Thou Hatest Wickedness

  One of the most popular questions I get is “What do you recommend for reading?” Of the authors that I read two rise to the top, God and Spurgeon. I read more of God’s word than I do of Spurgeon’s stuff, but rarely a day passes when I do not read Charles H. Spurgeon. Although the language in my copy is old I get a lot of comfort, encouragement, conviction, and doctrinal teaching from Spurgeon’s little book “Morning And Evening.” 

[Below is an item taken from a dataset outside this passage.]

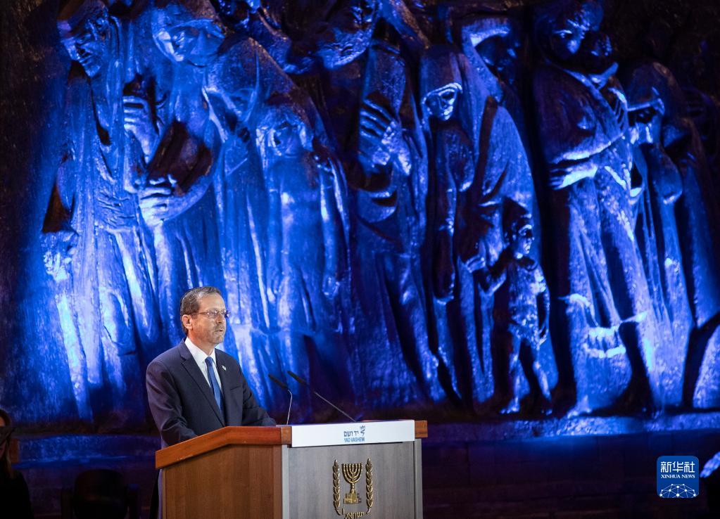 4月17日,以色列總統赫爾佐格在耶路撒冷舉行的大屠殺紀念日活動(dòng)上講話(huà)。

This morning’s selection produced conviction. With conviction of sin still on my mind from last Sunday (1 Samuel 7:3-6), I want to share what I learned from Spurgeon this week on that topic. Here is one of the daily morning passages from C. H. Spurgeon’s “Morning and Evening.” 

May 29 (Morning)

“Thou hatest wickedness.” — Psalm 45:7

“Be ye angry, and sin not.” There can hardly be goodness in a man if he be not angry at sin; he who loves truth must hate every false way. How our Lord Jesus hated it when the temptation came! Thrice it assailed Him in different forms, but ever He met it with, “Get thee behind me, Satan.” He hated it in others; none the less fervently because He showed His hate oftener in tears of pity than in words of rebuke; yet what language could be more stern, more Elijah-like, than the words, “Woe unto you, scribes and Pharisees, hypocrites! for ye devour widows’ houses, and for a pretense make long prayer.” He hated wickedness, so much that He bled to wound it to the heart; He died that it might die; He was buried that He might bury it in His tomb; and He rose that He might for ever trample it beneath His feet. Christ is in the Gospel, and that Gospel is opposed to wickedness in every shape. Wickedness arrays itself in fair garments, and imitates the language of holiness; but the precepts of Jesus, like His famous scourge of small cords, chase it out of the temple, and will not tolerate it in the Church. So, too, in the heart where Jesus reigns, what war there is between Christ and Belial! And when our Redeemer shall come to be our Judge, those thundering words, “Depart, ye cursed” which are, indeed, but a prolongation of His life-teaching concerning sin, shall manifest His abhorrence of iniquity. As warm as is His love to sinners, so hot is His hatred of sin; as perfect as is His righteousness, so complete shall be the destruction of every form of wickedness. O thou glorious champion of right, and destroyer of wrong, for this cause hath God, even Thy God, anointed thee with the oil of gladness above Thy fellows.

Dear  reader, I pray that God will give you and me an honest hatred for our own sin. And I pray that he will give enough grace and wisdom so that we can take an honest personal inventory of our spiritual lives. Oh, that we would repent like God’s children, Israel, who said “We have sinned against the LORD” (1 Sam 7:6).